HOW TO COMPLETE THIS TASK
Among the records below, find the line with "при С = 20 µF" and the line with "Zestaw obrazy w". Set down both and every line between, exactly and with no pictures, but nothing else.
THE DATA section start
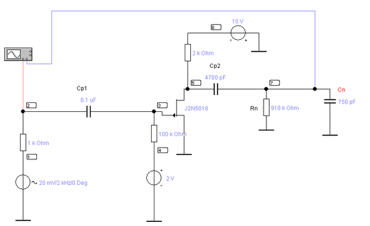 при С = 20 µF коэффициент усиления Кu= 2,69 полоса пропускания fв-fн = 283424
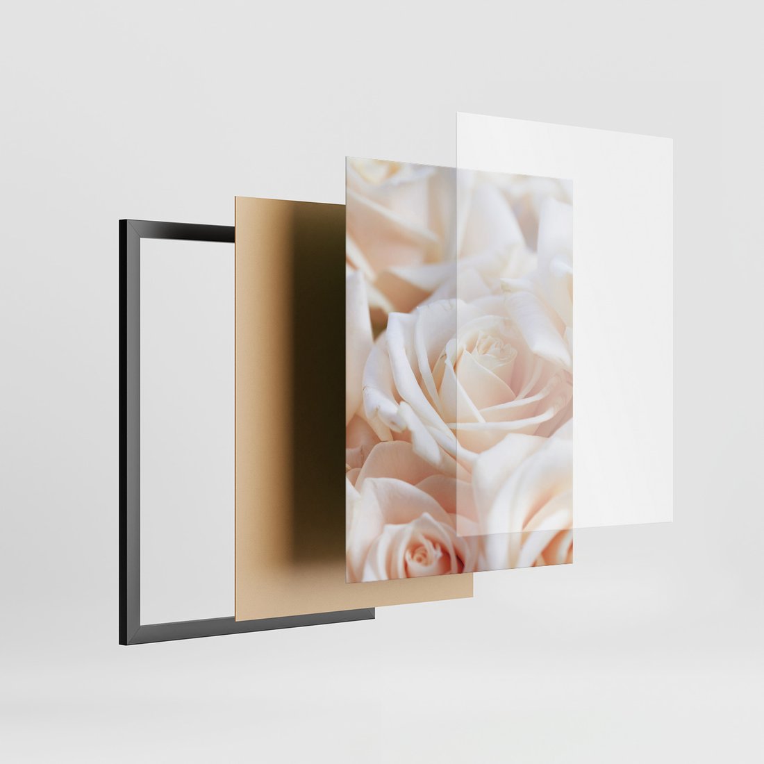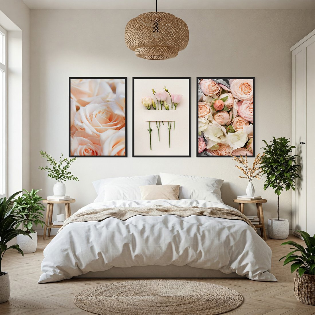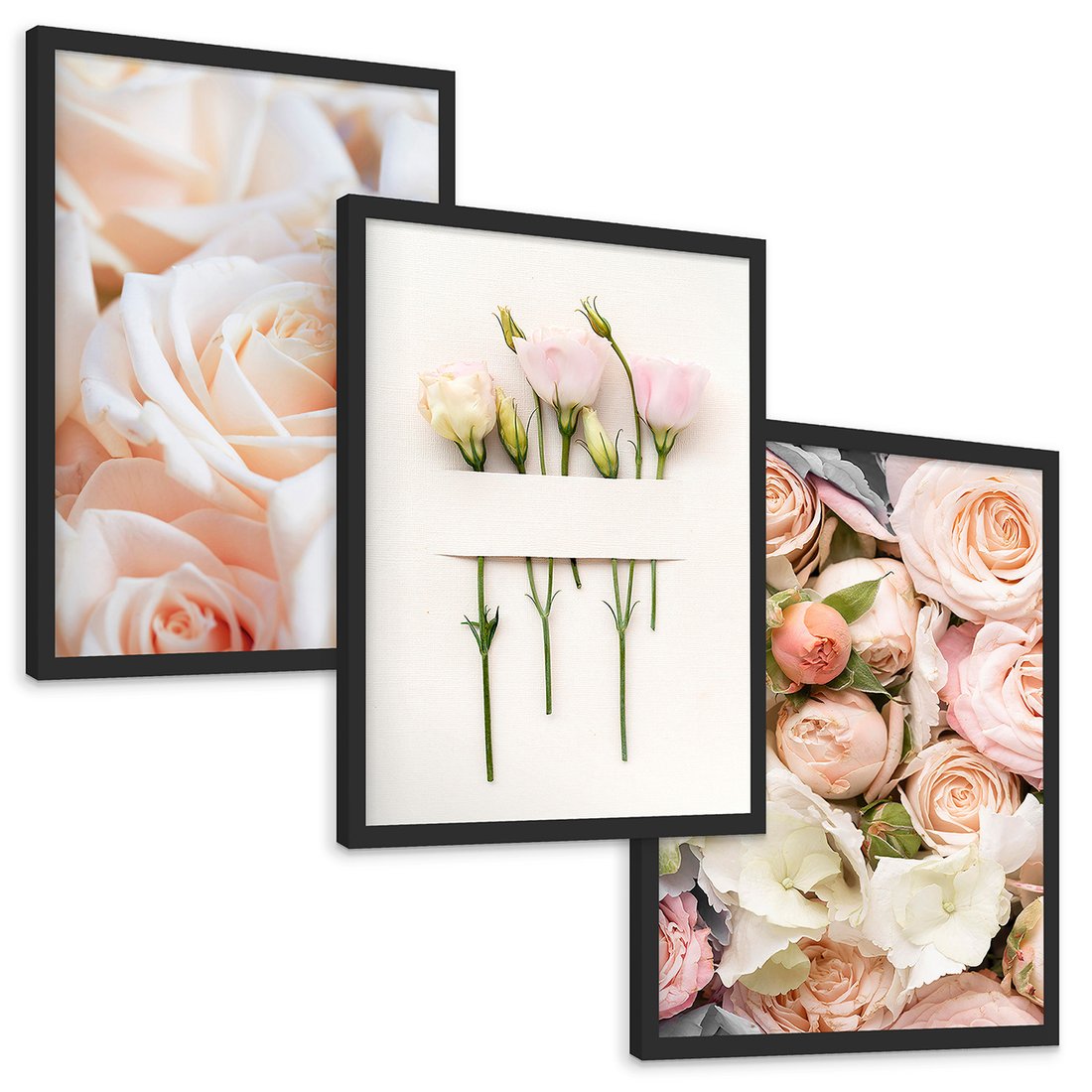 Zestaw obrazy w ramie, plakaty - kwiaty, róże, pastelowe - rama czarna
THE DATA section end
THE DATA section start
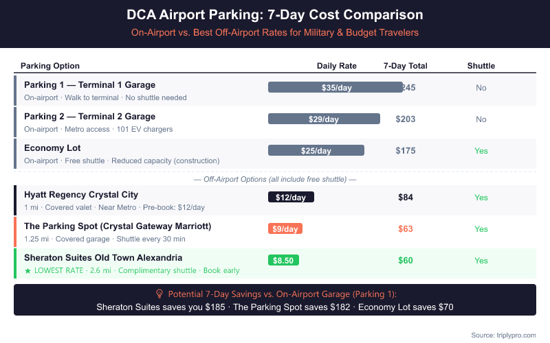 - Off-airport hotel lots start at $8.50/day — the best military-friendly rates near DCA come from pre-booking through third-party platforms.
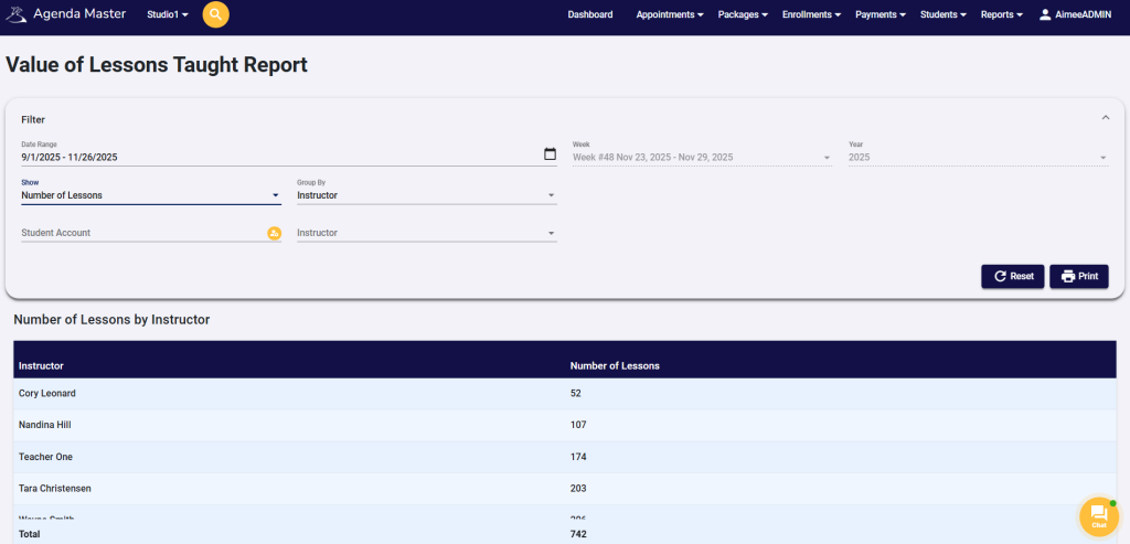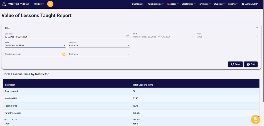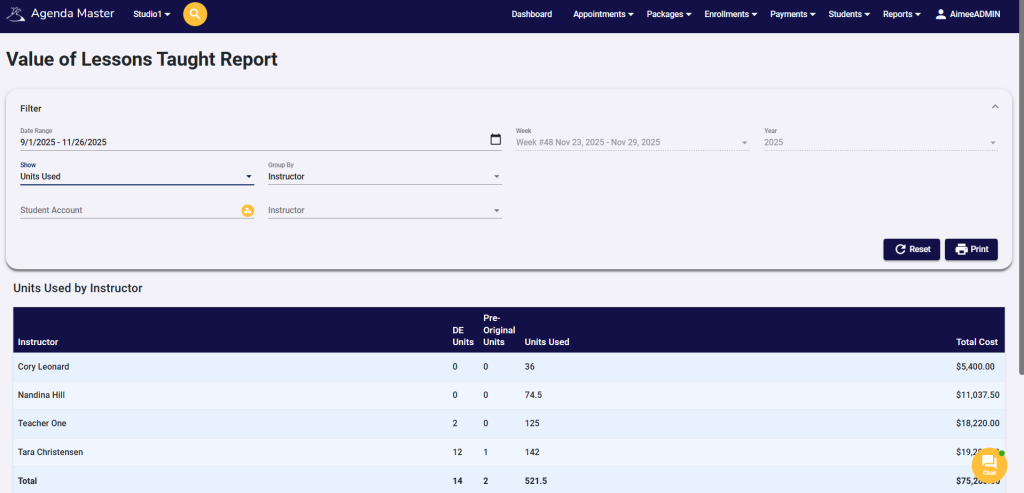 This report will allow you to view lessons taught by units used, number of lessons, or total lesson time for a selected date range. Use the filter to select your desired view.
THE DATA section end
THE DATA section start
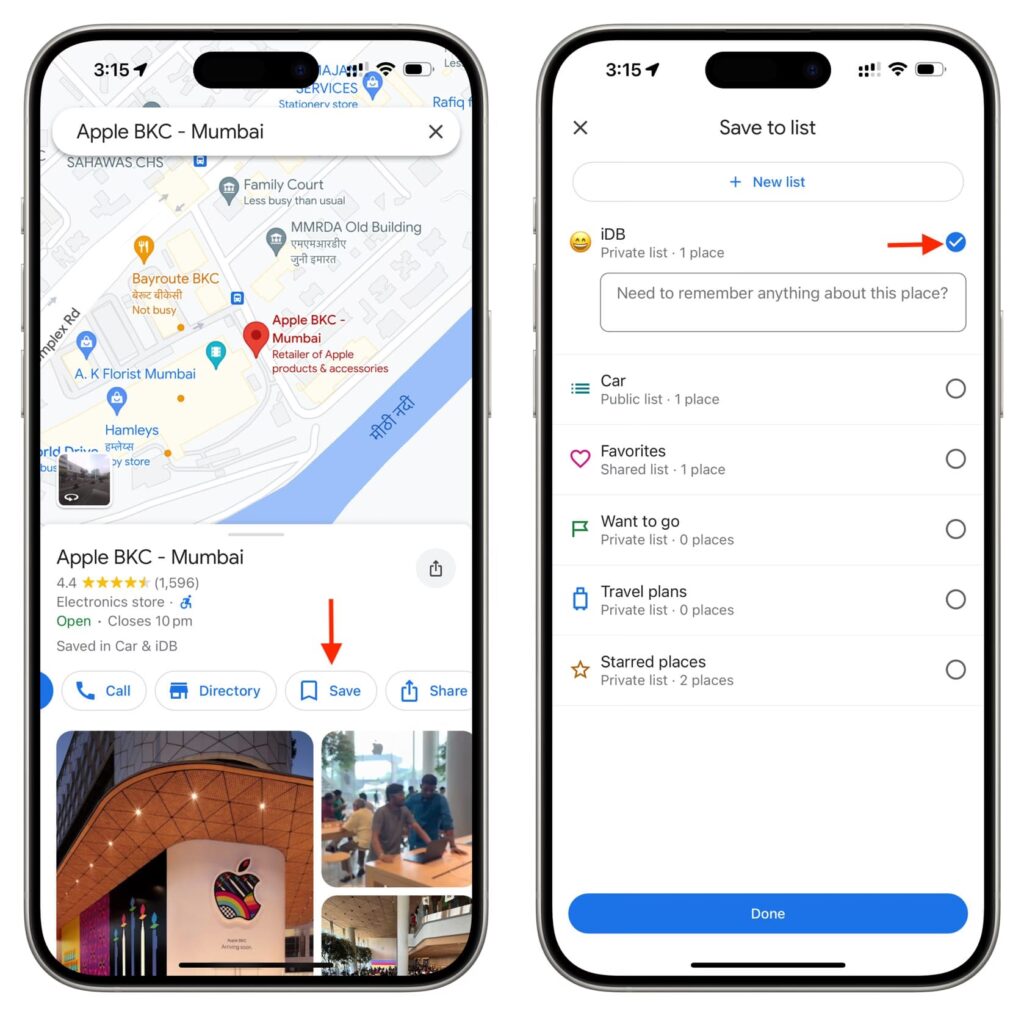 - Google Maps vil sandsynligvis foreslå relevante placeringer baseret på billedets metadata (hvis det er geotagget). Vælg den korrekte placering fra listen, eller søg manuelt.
THE DATA section end
EXERCISE SOLUTION
 при С = 20 µF коэффициент усиления Кu= 2,69 полоса пропускания fв-fн = 283424
 Zestaw obrazy w ramie, plakaty - kwiaty, róże, pastelowe - rama czarna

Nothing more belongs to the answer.